Autor: Luis Ángel Fernández Hermana
19/10/1999
Fuente de la información: Revista en.red.ando
Organizador:  Enredando.com
Temáticas:  Internet  Periodismo 
Editorial 185

El árbol nuevo, doblega; el gordo y duro, quiebra


Así como las megafusiones de las grandes corporaciones de la comunicación explican, en gran medida, la proyección a escala global del periodismo propio de los medios de comunicación tradicionales (véase el editorial "La gran trituración"), la proliferación de nuevos medios en Internet comienza a definir los rasgos del tipo de periodismo que emerge en las redes y los puntos de ruptura con respecto al modelo de comunicación de los medios tradicionales (véase el editorial "Papá ¿de dónde vienen las noticias?"). Aunque no hagamos una referencia explícita ahora, me parece importante no perder de vista que este modelo de comunicación de la Sociedad Industrial entra en crisis a partir de una serie de acontecimientos de impacto mundial, como la caída del muro de Berlín, la desintegración de la URSS, el fin del mundo bipolar y la aparición de Internet, una red de ordenadores de arquitectura abierta, accesible para todos los usuarios de manera simultánea y desde cualquiera de sus puntos, donde individuos, instituciones, empresas, organizaciones y/o administraciones pueden relacionarse directamente entre ellos --crear redes-- y almacenar informaciones y conocimientos, procesarlos, publicarlos y distribuirlos de una manera relativamente barata y sencilla.

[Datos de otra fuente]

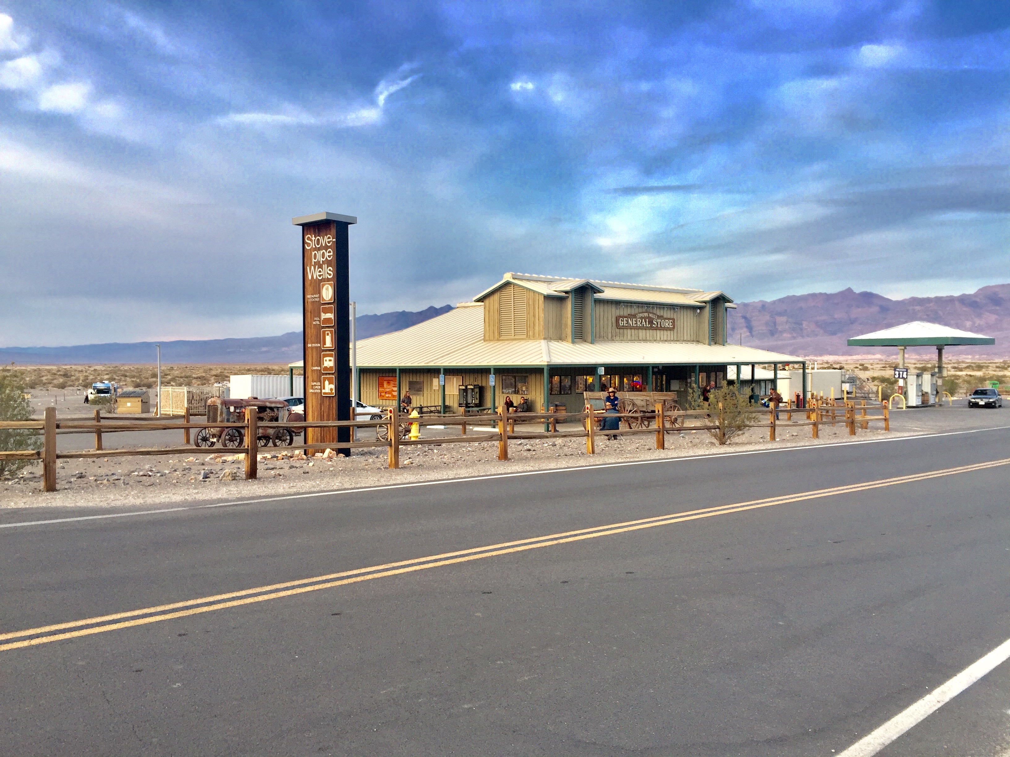 Description: The Stovepipe Wells Village is located several miles north of Furnace Creek, is the smaller of the two major tourist service hubs in Death Valley National Park. Unlike the architecture found at Furnace Creek or at other tourist facilities and historic structures in the park, the structures at Stovepipe Wells are more rustic in style, and made of wood, quite distinct from the Spanish Revival style displayed by most of the other structures. The settlement’s origin can be traced to 1906, when temporary tents were constructed to serve as a way-station for tourists and travelers between the city of Rhyolite, Nevada and Skidoo, California, two ghost towns, and former mining boom towns, located in or near Death Valley. The current structures were constructed starting in 1925, and use local stone in their construction, with motifs and decorative elements being present in the retaining wall in front of the building. Today, the original structures from the 1920s remain, with many newer structures, including a general store, gas station, and additional lodging being located in close proximity to the structure.

Internet, al multiplicar constantemente los emisores y receptores de información, ha puesto en cuestión el monopolio que ostentan los medios de comunicación como elaboradores y transmisores de la imagen de la sociedad. Cada vez más, esta imagen se corresponde no sólo con lo que tradicionalmente se ha considerado como la información transmitida por los medios tradicionales (radio, TV, prensa de papel), sino también con la actividad que múltiples sectores sociales comienzan a desplegar en las redes. Sectores que, hasta hace poco, eran fundamentalmente consumidores de información y que, prácticamente en un abrir y cerrar de ojos, se han convertido en emisores, importantes emisores, de información y conocimientos, y --detalle muy interesante-- a escala global gracias a la virtualidad de la Red.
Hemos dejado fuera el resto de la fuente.